Big data, then, is generally defined by three Vs. The first, since it is very big data, is Volume, that is, both the amount of data (structured or unstructured) generated every second from heterogeneous sources – to name a few, we can think of sensors, logs, email, GPS, social media and traditional databases. We also have Variety, which refers to the different types of data that are generated, accumulated and used, followed finally by Velocity – as big data is produced in real time. Over time, a fourth V was introduced, that of Truthfulness, and then a fifth, that of Value. In short, it’s a revolution that is done and – not – finished and that closely touches the life of every single person without anyone noticing it.

The different uses of Big Data

Analyzing large amounts of data allows you to generate new knowledge useful to make more informed decisions, not only in business. Now that we know what big data is and what it’s used for, it’s just as necessary to be aware of how it’s used in different sectors. All this is made possible and completely affordable by technologies that allow you to manage unstructured data and process large volumes of data in real time, but also thanks to the spread of more sophisticated algorithms and methodologies of analysis widely innovative.

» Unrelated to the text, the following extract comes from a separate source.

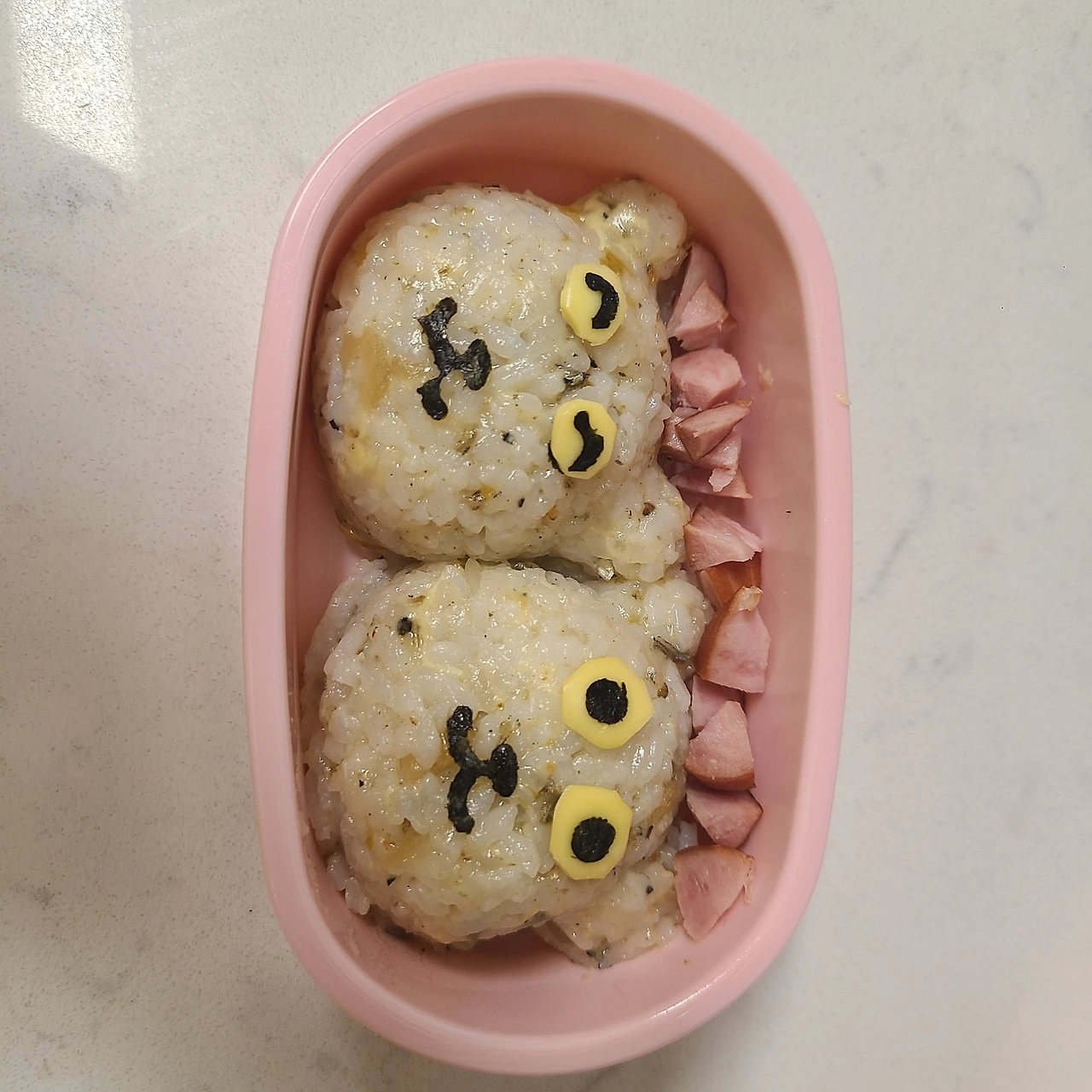 그렇게 만들어진 밥은 곰돌이 주먹밥 틀에 넣어 모양을 잡았고, 미리 만들어 둔 눈코입으로 완성시켰다. (원래 문어 소시지도 만들었지만, 아이 도시락에 자리도 없었고, 예쁘긴 해도 아직 아이는 소시지를 먹지 않아서 과감히 뺐다.)

These tools can and must independently extrapolate the information hidden in the data. Translating precisely into potentially infinite applications, visible every day in the modern world. First of all in marketing, megadata find their most useful and widespread use, being widely employed in the construction of so-called recommendation methods, such as those used by entertainment and eCommerce giants – Netflix and Amazon, to name a few – to make purchase proposals based on the interests of a specific customer over those of millions of others. Nothing more than a more precise and timely personalization of the offer than what companies put in place just a handful of years ago.

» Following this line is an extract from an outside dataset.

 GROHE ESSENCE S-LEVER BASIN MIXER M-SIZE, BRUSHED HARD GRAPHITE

The perception and subsequent reduction of fraud is another example of how big data can be used in everyday life and can consequently create productive value and improve any kind of experience for users of a service or platform. Leading credit card companies, such as Visa or American Express, not surprisingly analyze billions of transactions every day from all over the world to identify unusual movements and patterns, in order to significantly lower the number and incidence of fraud in real time.

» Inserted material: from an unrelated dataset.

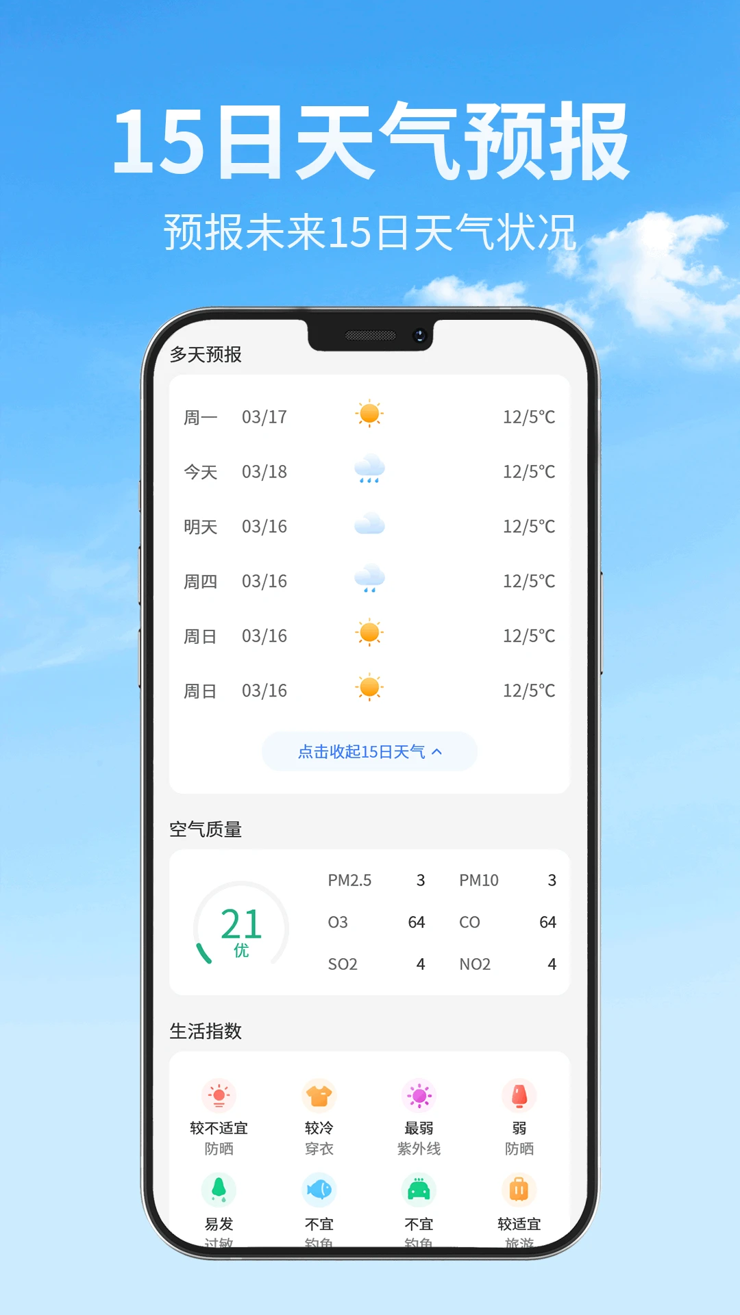 支持15日天气预报,帮助用户提前规划出行和活动安排。

There is also no shortage of uses of big data in so-called predictive maintenance. This term refers to companies that leverage data collected on operations to analyze performance and predict the possible existence of future problems before they happen. Experts have observed that companies that are leaders in big data are able to generate an average of 12% more profit than companies that do not leverage the value of these data stars of our time.

In the public sphere, then, there are all sorts of other applications for big data: in recent years, police forces have been using large amounts of real-time data to predict where and how many crimes are more likely to occur; more precise studies by the associations in charge of the correlation between health and the quality of the air we breathe have multiplied; there is also the possibility of carrying out genomic analysis to improve the drought resistance of rice crops; or even the creation of models to analyze data from living beings in life sciences and medical research, both diagnostic and pharmacological.

Of course, in all of these areas it is absolutely vital that the legitimate use of big data is regulated in the face of the incredible value that resides in it. Illegal or overly intrusive use of data can, in less severe cases, undermine customer confidence in companies. In more serious cases, however, it can cause damage to citizens – who may be patients, voters and consumers – what is defined as the weakest link in the value chain. As pointed out by business literature and legislation, the protections of individuals include the right to privacy and individual freedoms: in order to ensure these protections, the control and sanctioning activities of the relevant Government Agencies need to be strengthened and adjusted with more advanced regulatory and financial tools.